No, in his bid to “capture” the NBA championship from the Heat, Prokhorov is playing the game by his own set of rules. Rule 1: Laugh at the gentlemen’s agreement, otherwise known as the CBA, set in place by the NBA’s rich-guy club to de-tooth its league. Rule 2: Outspend the Americans. Rule 3: There are no other rules.
Put simply, Prokhorov is trying to buy an NBA championship. On Friday in a conference call, Riley called it the “unintended consequences” of the new CBA.
“Economics and basketball … that’s what this is all about,” Riley said. “I have to make decisions based on that.”
But not the Nets.
While Riley and Heat owner Micky Arison are trying to figure out ways to somehow save money in the months before their team’s bid for a three-peat, the Nets are working with a blank check to overthrow the back-to-back defending champions. Never mind Brooklyn’s payroll, which likely will be more than $100 million when the 2013-14 season begins, the team’s estimated luxury tax bill is more than $80 million.
Forget basketball. That’s approaching the kind of sum the Yankees spend on payroll.
Already, NBA executives are crying foul. After word leaked that Kirilenko had agreed to take the Nets’ luxury-tax exception ($3.1 million) — or about three times less than his player option with Minnesota — rumors around the league implied under-the-table spending. One unnamed general manager told Adrian Wojnarowski of Yahoo! Sports, “There should be a probe. How obvious is it?”

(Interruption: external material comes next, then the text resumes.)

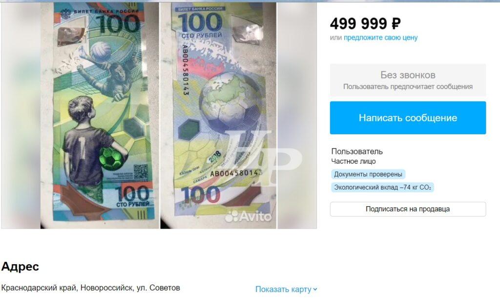 Купюра 100 рублей, вышедшая к чемпионату мира по футболу ФИФА 2018, продается за 1,5 миллиона рублей и за 499 тысяч рублей. На ней изображен ребенок с мячом и известный советский вратарь Лев Яшин.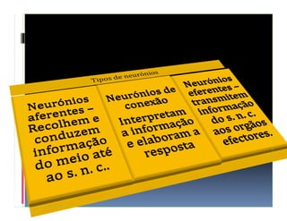 - O documento descreve as estruturas e funções do sistema nervoso central, incluindo a espinal medula e o cérebro.

On Friday, in a question about Prokhorov’s spending framed with the figure of speech “playing by his own rules,” Riley addressed the unintended implication rather than the freewheeling nature of the Russian’s economic philosophy.
“I think he’s playing within the rules,” Riley said. “He’s taking on contracts and star players and, so, obviously they’re doing a job and they’re committed to winning.”
The Nets’ projected opening-night starting lineup reads like an exhibition all-star team: point guard Deron Williams, shooting guard Joe Johnson, small forward Paul Pierce, power forward Kevin Garnett and center Brook Lopez. The second unit, on paper, is arguably the best in the league and includes point guard Shaun Livingston, shooting guard Jason Terry and forwards Kirilenko, Reggie Evans and Andray Blatche.
Exactly how the Nets are going to fit all those pieces together falls to Kidd and his top assistant, Lawrence Frank, who has had head coaching stints with the New Jersey Nets and, most recently, the Detroit Pistons. With such a veteran team, it shouldn’t be too difficult.
“Our owner wants to win, so my job is whatever pieces he gives me, I have to coach them,” Kidd said. “So I’m excited about it.”
Of course, recent history suggests mega-teams run into trouble in their first seasons — such as the 2011 Heat and 2013 Los Angeles Lakers — but Kidd isn’t worried about the increased scrutiny that comes with melding a team of superstars on the fly in a major media market. Pressure? That’s just a word for reporters.
“Y’all use the word pressure,” Kidd said. “It’s a game of challenges, of ups and downs and runs, so I’m not looking at it as a pressure situation. I’m embracing the challenge, and that’s what it is.”
The challenge is clear — defeat and conquer the Heat and, as he owner likes to say, “capture the title” — and whether Kidd wants to admit it or not, the pressure is already building.
“Our roster isn’t set yet, so for us, we have to worry about ourselves and not the Heat,” Kidd said a few minutes before the Kirilenko signing was made public. “They’re the defending champs, and the road to trying to win an NBA championship goes through them, but we have to worry about ourselves.
“We’ll worry about the Heat if we face them in, like, the conference finals or anytime during the playoffs, but right now we’ve got to get ready for a lot of new guys to understand the new system.”